With persistence as its central feature, chasing may alternatively be conceptualized as a case of
compulsivity. Cognitive-behavioural research on compulsivity is relatively new compared to
models of impulsivity, but emphasizes the repetition of behaviour in a way that is insensitive to
negative consequences (30,31). Addiction experts identified seven neurocognitive constructs as
central to addictive disorders; compulsivity was the only ‘expert-initiated’ construct that was not
present within the NIH Research Domain Criteria (RDoC) (32). Yet its behavioural assessment
remains controversial. One framework separates four types of neurocognitive procedures:
contingency-based cognitive flexibility, attentional set-shifting, attentional bias, and habit
learning (30).The flexibility and set-shifting components here relate to the ‘shifting’ dimension
of executive functions (33).
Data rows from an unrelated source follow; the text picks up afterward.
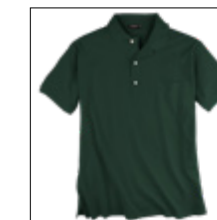
NOS RF 36 dusty green ID: 11415
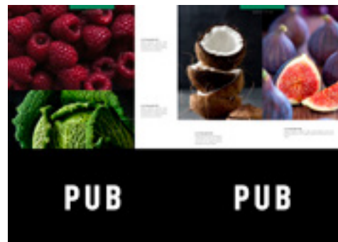
Demi-page de publicité
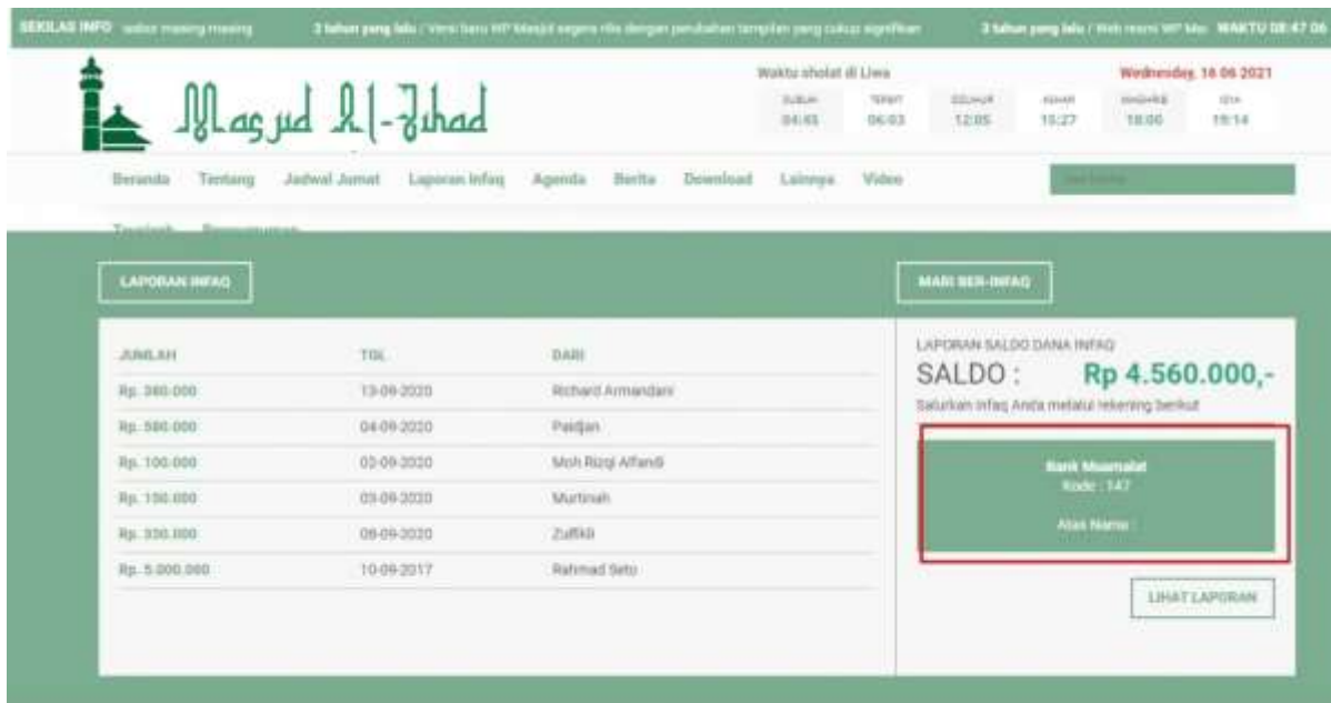
Gambar 2. Web Masjid Al-Jihad
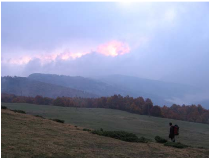
Јутро на Штавни

Већ поменути таксијем на Трешњевик стижемо око 6:00. Још увек је мрак, а магла и облаци око нас још више утичу на смањење видљивости. Уз помоћ чеоних лампи настављамо ка Штавни и уз прве зраке сунца који се једва пробијају кроз облаке стижемо до Еко катуну за непун сат. Ту нас дочекује љубазни домаћин и чашћава нас кафом и чајем. Смештамо се у једном од објеката који пружају све савремене услове за смештај до 5 особа - луксуз на који планинари баш и нису навикли.
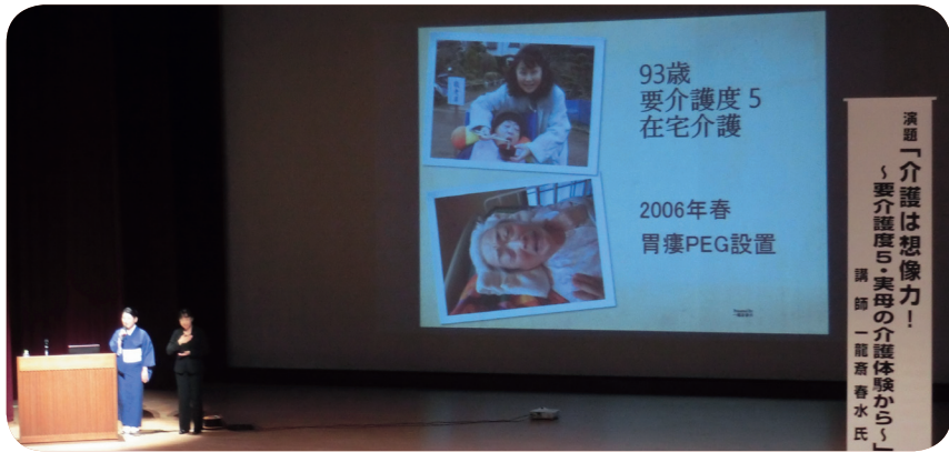
↓画像を交えての講演会
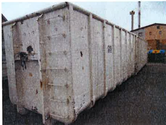
Fotografija 10 in 11: Kovinski kontejnerji
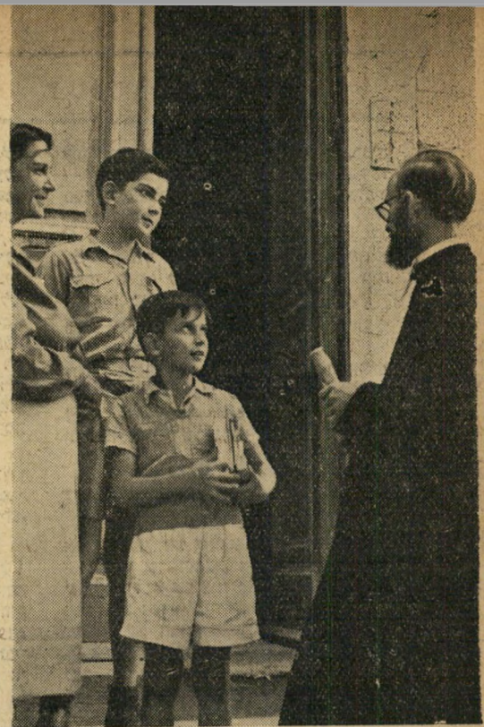
האם זה אה? לא מכבר עלתה ממצרים והביאה את ילדיה לקולנו. עוד מימי ילדותה מכירה היא את המוסד הזה, וגישת ה"אחים" לתלמידים מוצאת חן בעיניו. כאן, כאן, היא אומרת, לא ישכחו ילדיה את השפות שכבר התחילו ללמוד בחוץ-לארץ, וגם ילמדו טפה חדשה: עברית.
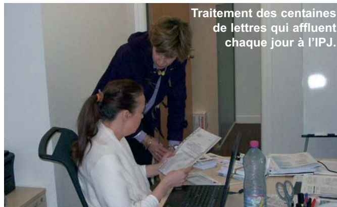
Traitement des centaines de lettres qui affluent chaque jour à l'IPJ.

Inutile de dire que d'énormes sacs de courrier se sont mis à affluer au siège de l'association. Le secrétariat de l'Institut pour la Justice s'est retrouvé submergé par des dizaines de milliers de lettres. Un phénomène sans doute jamais observé en France, et qui témoigne de la profonde inquiétude de millions de Français face au fonctionnement de la Justice.
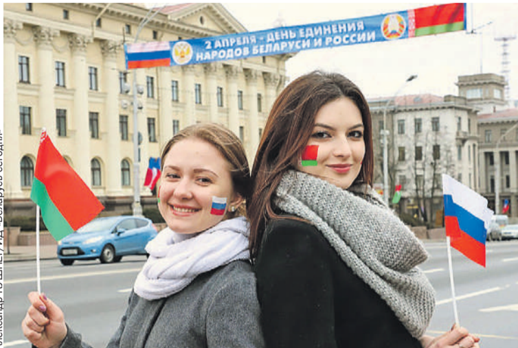
Молодые люди теперь, как и их родители, знают, что такое настоящая братская дружба.

народный форум Союзного государства «Великое наследие - общее будущее». Ежегодный фестиваль «Молодежь - за Союзное государство» расширился до формата полноценного форума.
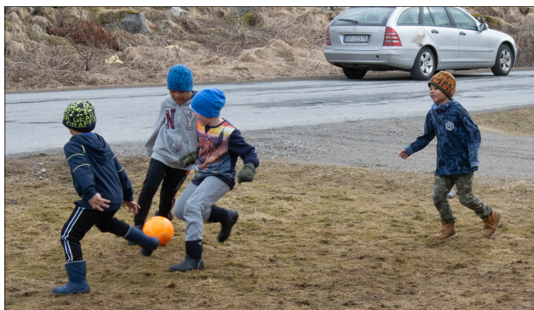
FOTBALL: Myanmar-guttene har mange venner i Andøy. På bildet har de besøk av to, og da er det naturlig å ty til fotballen som de har mye glede av sammen.

– Det er vel og bra at kommunen og omstillingsorganisasjonen Samskap har fokus på å få utflyttet ungdom til å flytte hjem, og å få nye til å flytte til kommunen, men det er svært viktig å ha
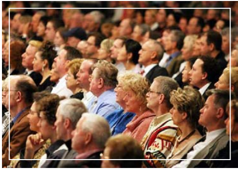
神韵艺术团震动严谨、保守的德国观众

在德国还有另外一个受迫害的团体,那就是犹太人。虽然他们人不生活在德国,但在德国,他们的存在人人都能感觉到,因为每年德国都有纪念二战的重大活动,届时德国总理、总统、各界政要都出席,为在二战中遭受纳粹迫害的犹太人献花圈、默哀,报纸上也头版头条发表大照片。这就是受迫害者:他们为他们自己的经历,为他们的同伴的经历而心情沉重,他们也在不断提醒人们不要忘记。他们的苦难也让人们无法忘记他们。
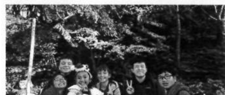
30日(月) 京都 紅葉を背に
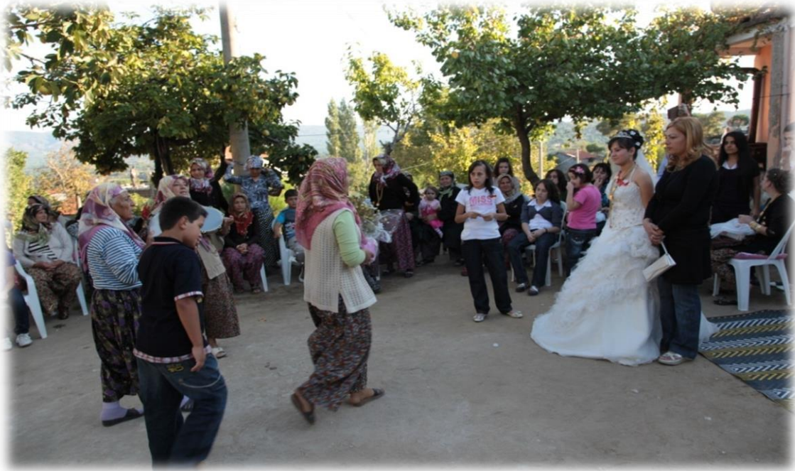
Fotoğraf 4. 'Kardeş Kavuşma', Yukarıcuma köyü-Bergama (11.10.2009)

Yaşanacak olan fiziksel bir ayrılık olmayabilir, gelin yine kendi köyünde kalabilir. Ancak evlenmeden önce kurduğu arkadaşlık ve dostluk bağları mutlaka biçim değiştirecek, evli bir eş olarak eski arkadaşlarıyla görüşme ve sosyalleşme biçimleri yeniden düzenlenecektir. Bu nedenle ritüelin bu son günü, vedalaşmak için seçtiği kişilerin kimler olduğu önem taşır. Evlendikten sonra devam ettireceği sosyal ilişkiler içinde bu kişilerin ayrı bir yeri olacak ve onlar belki de bu sosyal düzenlemelerden belirli derecede muaf tutulacaklardır. Turner (1967:10) bu gibi küçük liminal grupların bir yoldaşlar topluluğu olduğunu ve bu evrede kurulan ilişkilerin statü, yaş, akrabalık derecesi hatta cinsiyet gibi farkları bile aşabilen uzun erimli dostluklara dönüşerek, toplumsal hiyerarşi ve akrabalık bağları dışında oluşan bu türden özel bağların, hayat boyu devam etmesinin beklendiğini hatırlatır.
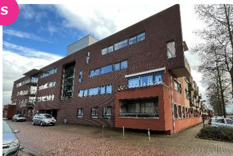
A. Mozerplein 51-01 t/m 51-29
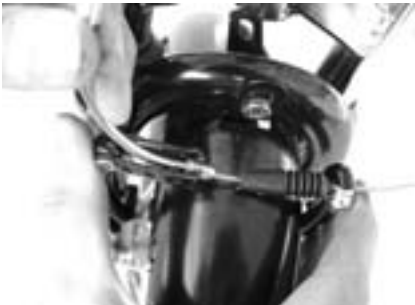
3. Drücken Sie beide Bremshebel zusammen, sodass die Bremse greift und sich der Bowdenzug lockert.
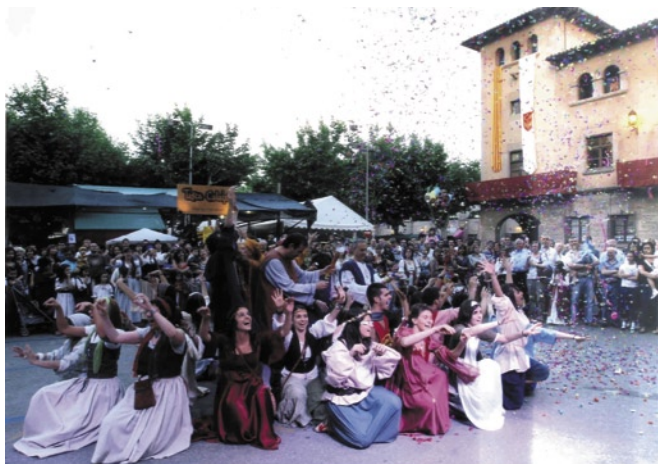
El grup de teatre El Traspunt va participar a la Fira Medieval
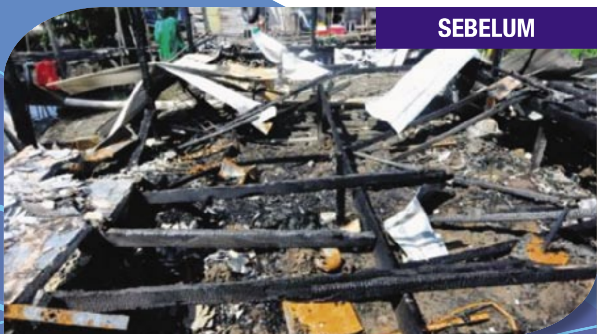
Kampung Kopunadan, Matunggong Kudat

A systematic review and meta-analysis of these domains in gambling
disorder identified deficits in the first three domains, but no studies were identified that tested
validated probes of habit learning (34). Habit formation has a central role in the Pathways Model
of disordered gambling (11), and is perhaps especially relevant to continuous forms of gambling
such as modern slot machines. At the same time, recent work highlights the inadequacies of
current behavioural assays of habit in human subjects (35) and lack of expected group
differences in treatment-seeking drug user(36).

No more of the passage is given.